She was comfortable. She had it really good. If Esther wanted to explain it away, she could. And so do many Christians. She could have explained it away so easily. God really made a way for me. This is good. I'm comfortable here. My life works. He provides. He makes everything work together for my good. I can feel it. It's nice. It works. And the question is, are people being delivered through your life, or has life really become good for you? There has to be a wakeup call, and it has to be let in. It has to be let into your heart. And the Holy Spirit seeks to bring that work about. Mordecai, as I said earlier, represents it. Let me read to you the first verse of chapter 4. When Mordecai learned all that had happened, he tore his clothes and put on sackcloth and ashes and went out into the midst of the city. He cried out with a loud and bitter cry. Here's what happens when the Holy Spirit seeks to get your attention. There is a brokenness. There is a weeping in the heart of God. And He will come and knock at your door, but He won't come all the way in, just like Mordecai did. He stayed far away from the actual gate.

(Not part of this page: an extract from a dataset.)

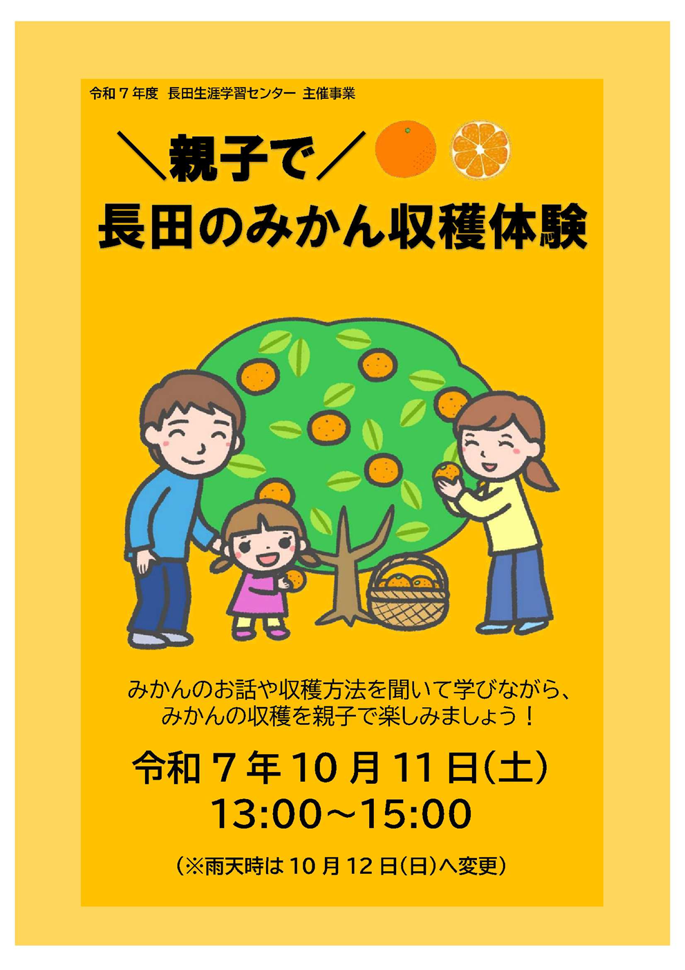 | 内容 | 長田地区で栽培されているみかんについて学んだのち、親子でみかんの収穫を行います。 ※みかんの生育状況によって開催日がずれる可能性があります。 |

Now Esther was able to notice him, but she couldn't quite figure out what it all was about until she began to inquire, until she began to reach out, and she began to desire to know. First, she tries to put it all to a stop. Calm down. Send him some clothes. Dress him up. He's embarrassing me. Whatever her thought may have been, she tries to make it stop, and Mordecai won't have it. And he then begins to send a clear message, and Esther won't have it. And then Mordecai sends that wakeup call, sends that call: “What if you came to the kingdom for such a time as this?” You're seeing all these problems. You're seeing all these things that you can lose. You're seeing all these things that it may cost you. You're seeing all these things that you like. You're seeing all these things that you are hoping for your own future. What if your life is not about your future? What if you came to the kingdom for this time exactly What if you came to the kingdom because you can make a difference when you start speaking up? What if you came to the kingdom because God knew that He would hide His words deep in your heart? And God knew that you would have the ability to understand when He is seeking to speak to someone? And God is seeking for you to wake up and to die to this world, come alive to God, so that people may be delivered in their generation and people may be set free from this lingering threat over their lives, waiting.

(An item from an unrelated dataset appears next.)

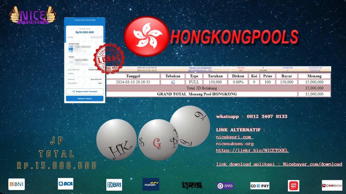 Selamat kepada User id : Oil** Telah berhasil mendapatkan kemenangan besar pada permainan TOGEL HONGKONG Dengan kemenangan Sebesar Rp.15.000.000,- Setelah mengisi formulir withdraw dengan kurung waktu hanya 5 – 10 menit pihak NICETOGEL sudah melakukan transfer kepada pemilik Userid dan dana sudah dapat di cairkan oleh pemenang. Bukti pembayaran yang kami berikan merupakan bukti pembayaran yang SAH / VALID yang langung di dapatkan melaui tanda transfer transaksi dari Bank yang di tuju.

Church, hell waits. Hell is patient. Hell waits for people. And unless you come alive to God, you cannot see over people's lives that they are eternal, that they are either going to be with God for eternity or they are going to be separated from Him eternally. You can't feel the urgency of it unless you've come alive to God. You can't feel that you actually have been equipped to make a difference. You don't get convicted if you are not alive to God. You just live. Oh, I believe in God. I go to church. It's probably all fine. Other people can pray. If something's wrong, I'll call pastor. He'll come. He'll know what to do. We read in the Word of God this incredible accusation from God towards His people, towards the people that are called to believe Him. And we see it throughout the Word, across the generations, same accusation.
Matthew 15:8 recounts it in the New Testament: “These people draw near to Me with their mouth and honor Me with their lips, but their heart is far from Me.” We see this accusation also sounding over the generation that Esther was a part of. Even we could argue this is really what Mordecai was getting at with Esther. You trust God. You believe God. You honor God.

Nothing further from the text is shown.